(Beginning of TASK MATERIAL)
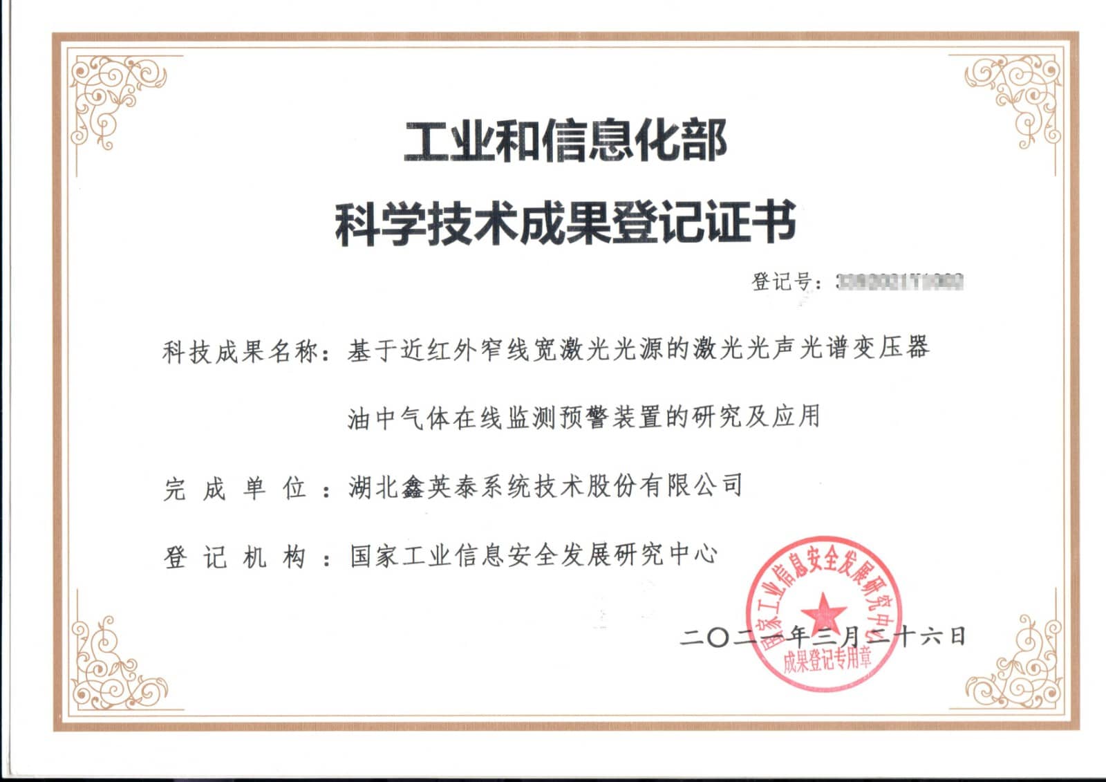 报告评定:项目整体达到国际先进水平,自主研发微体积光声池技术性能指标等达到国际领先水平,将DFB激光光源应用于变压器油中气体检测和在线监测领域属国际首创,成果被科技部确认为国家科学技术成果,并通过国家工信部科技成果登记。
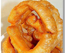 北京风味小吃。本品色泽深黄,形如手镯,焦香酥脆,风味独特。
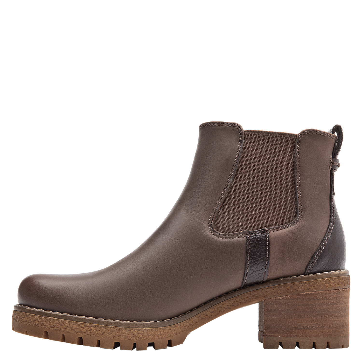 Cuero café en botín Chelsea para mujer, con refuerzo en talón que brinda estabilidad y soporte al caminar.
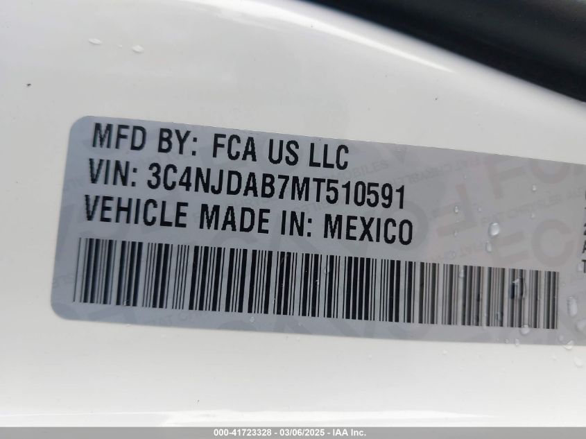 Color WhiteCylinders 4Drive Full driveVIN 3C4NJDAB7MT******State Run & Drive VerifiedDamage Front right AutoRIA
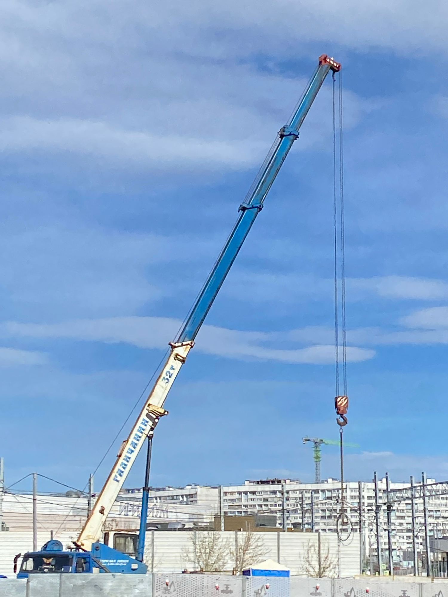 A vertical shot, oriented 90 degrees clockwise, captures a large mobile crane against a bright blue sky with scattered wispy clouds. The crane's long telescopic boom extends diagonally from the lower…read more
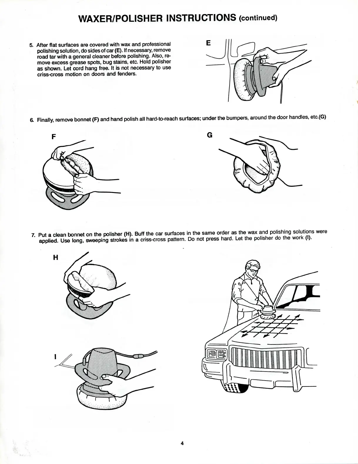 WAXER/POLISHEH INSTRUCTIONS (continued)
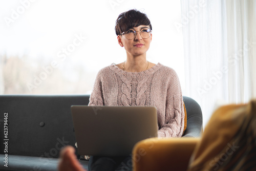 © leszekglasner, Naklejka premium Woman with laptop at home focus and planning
(End of TASK MATERIAL)
(Beginning of TASK MATERIAL)
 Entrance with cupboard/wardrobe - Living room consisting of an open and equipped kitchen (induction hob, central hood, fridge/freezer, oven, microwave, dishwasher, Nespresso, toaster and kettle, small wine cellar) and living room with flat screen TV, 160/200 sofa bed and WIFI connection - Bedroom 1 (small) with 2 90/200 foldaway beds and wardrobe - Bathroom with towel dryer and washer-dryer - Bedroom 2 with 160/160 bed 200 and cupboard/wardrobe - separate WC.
(End of TASK MATERIAL)
Excluding any pictures, print exactly the lines of the listing above from the line with "北京风味小吃。本品色泽深黄,形如手镯,焦香酥脆,风味独特。" to the line with "focus and planning", both ends included.

 北京风味小吃。本品色泽深黄,形如手镯,焦香酥脆,风味独特。
 Cuero café en botín Chelsea para mujer, con refuerzo en talón que brinda estabilidad y soporte al caminar.
 Color WhiteCylinders 4Drive Full driveVIN 3C4NJDAB7MT******State Run & Drive VerifiedDamage Front right AutoRIA
 A vertical shot, oriented 90 degrees clockwise, captures a large mobile crane against a bright blue sky with scattered wispy clouds. The crane's long telescopic boom extends diagonally from the lower…read more
 WAXER/POLISHEH INSTRUCTIONS (continued)
 © leszekglasner, Naklejka premium Woman with laptop at home focus and planning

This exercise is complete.